El estatuto legal de la mujer ha permanecido más o menos inmutable desde comienzos del siglo XV hasta el XIX; pero, en las clases privilegiadas, su situación concreta evoluciona. El Renacimiento italiano es una época de individualismo que se muestra propicio a la eclosión de todas las personalidades fuertes, sin distinción de sexos. Se encuentran en el mismo mujeres que son poderosas soberanas, como Juana de Aragón, Juana de Nápoles, Isabel de Este; otras fueron aventureras «condottieras», que tomaron las armas igual que los hombres: así, la mujer de Giralomo Riario luchó por la libertad de Forli; Hippolita Fioramenti mandó las tropas del duque de Milán, y durante el sitio de Pavía condujo a las murallas a una compañía de grandes damas.

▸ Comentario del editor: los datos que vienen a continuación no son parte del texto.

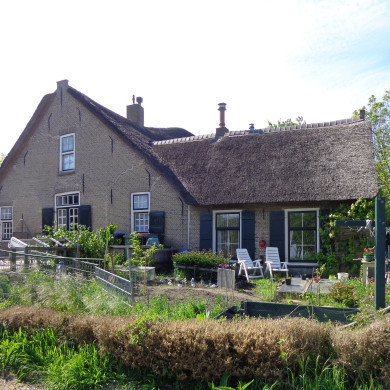 BOERDERIJ ca. 1800, met rieten zadeldak, puntgevel met vlechtingen, links een uitbouw onder pannen zadeldak en in de rechter zijgevel baanderdeuren onder rieten dakkapel met houten puntgevel.

Para defender a su ciudad contra Montluc, las sienesas constituyeron tres tropas de tres mil mujeres cada una, mandadas por mujeres. Otras italianas se hicieron célebres por su cultura o su talento, tales como Isara Nogara, Verónica Gambara, Gaspara Stampara, Vittoria Colonna (que fue amiga de Miguel Ángel) y, sobre todo, Lucrecia Tornabuoni, madre de Lorenzo y Juliano de Médicis, que escribió, entre otras cosas, himnos y una vida de San Juan Bautista y de la Virgen. Entre aquellas mujeres distinguidas están en mayoría las cortesanas; uniendo a la libertad de las costumbres la del espíritu y, asegurándose con el ejercicio de su oficio una autonomía económica, muchas de ellas eran tratadas por los hombres con deferente admiración; protegían las artes, se interesaban por la literatura, la filosofía, y frecuentemente ellas mismas escribían o pintaban: Isabel de Luna, Catarina di San Celso, Imperia, que era poetisa y música, renuevan la tradición de Aspasia y de Friné. Para muchas, sin embargo, la libertad solo toma todavía la figura de la licencia: las orgías y los crímenes de las grandes damas y de las cortesanas italianas son legendarios.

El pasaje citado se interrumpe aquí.